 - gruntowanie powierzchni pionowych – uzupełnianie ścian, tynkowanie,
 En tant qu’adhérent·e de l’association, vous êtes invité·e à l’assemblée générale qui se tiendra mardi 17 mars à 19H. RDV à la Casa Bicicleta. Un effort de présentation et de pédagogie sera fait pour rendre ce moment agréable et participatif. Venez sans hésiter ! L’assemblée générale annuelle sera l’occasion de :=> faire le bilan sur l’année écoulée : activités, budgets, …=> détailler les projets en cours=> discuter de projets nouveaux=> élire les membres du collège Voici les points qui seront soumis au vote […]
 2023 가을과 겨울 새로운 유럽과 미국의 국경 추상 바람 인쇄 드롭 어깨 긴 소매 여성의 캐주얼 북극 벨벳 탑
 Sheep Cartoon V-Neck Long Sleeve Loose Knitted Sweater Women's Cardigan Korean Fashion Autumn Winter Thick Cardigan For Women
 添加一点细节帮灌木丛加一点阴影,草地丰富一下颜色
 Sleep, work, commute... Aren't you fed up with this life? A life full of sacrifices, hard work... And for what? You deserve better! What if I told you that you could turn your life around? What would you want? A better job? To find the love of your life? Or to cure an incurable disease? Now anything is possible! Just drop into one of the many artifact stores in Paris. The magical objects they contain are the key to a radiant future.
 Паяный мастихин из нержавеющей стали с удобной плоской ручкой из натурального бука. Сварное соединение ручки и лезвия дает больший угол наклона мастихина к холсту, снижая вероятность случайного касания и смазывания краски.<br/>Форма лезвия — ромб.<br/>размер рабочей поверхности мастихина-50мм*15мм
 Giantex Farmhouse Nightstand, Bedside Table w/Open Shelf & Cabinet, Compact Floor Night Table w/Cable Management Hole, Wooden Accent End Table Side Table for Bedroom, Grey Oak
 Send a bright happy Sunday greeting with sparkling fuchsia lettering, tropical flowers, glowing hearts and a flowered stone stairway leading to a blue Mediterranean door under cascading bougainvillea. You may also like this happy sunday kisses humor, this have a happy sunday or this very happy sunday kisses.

# # #

- Task details -
Return every line of the listing, word for word.

- Response to the task -
 - gruntowanie powierzchni pionowych – uzupełnianie ścian, tynkowanie,
 En tant qu’adhérent·e de l’association, vous êtes invité·e à l’assemblée générale qui se tiendra mardi 17 mars à 19H. RDV à la Casa Bicicleta. Un effort de présentation et de pédagogie sera fait pour rendre ce moment agréable et participatif. Venez sans hésiter ! L’assemblée générale annuelle sera l’occasion de :=> faire le bilan sur l’année écoulée : activités, budgets, …=> détailler les projets en cours=> discuter de projets nouveaux=> élire les membres du collège Voici les points qui seront soumis au vote […]
 2023 가을과 겨울 새로운 유럽과 미국의 국경 추상 바람 인쇄 드롭 어깨 긴 소매 여성의 캐주얼 북극 벨벳 탑
 Sheep Cartoon V-Neck Long Sleeve Loose Knitted Sweater Women's Cardigan Korean Fashion Autumn Winter Thick Cardigan For Women
 添加一点细节帮灌木丛加一点阴影,草地丰富一下颜色
 Sleep, work, commute... Aren't you fed up with this life? A life full of sacrifices, hard work... And for what? You deserve better! What if I told you that you could turn your life around? What would you want? A better job? To find the love of your life? Or to cure an incurable disease? Now anything is possible! Just drop into one of the many artifact stores in Paris. The magical objects they contain are the key to a radiant future.
 Паяный мастихин из нержавеющей стали с удобной плоской ручкой из натурального бука. Сварное соединение ручки и лезвия дает больший угол наклона мастихина к холсту, снижая вероятность случайного касания и смазывания краски.<br/>Форма лезвия — ромб.<br/>размер рабочей поверхности мастихина-50мм*15мм
 Giantex Farmhouse Nightstand, Bedside Table w/Open Shelf & Cabinet, Compact Floor Night Table w/Cable Management Hole, Wooden Accent End Table Side Table for Bedroom, Grey Oak
 Send a bright happy Sunday greeting with sparkling fuchsia lettering, tropical flowers, glowing hearts and a flowered stone stairway leading to a blue Mediterranean door under cascading bougainvillea. You may also like this happy sunday kisses humor, this have a happy sunday or this very happy sunday kisses.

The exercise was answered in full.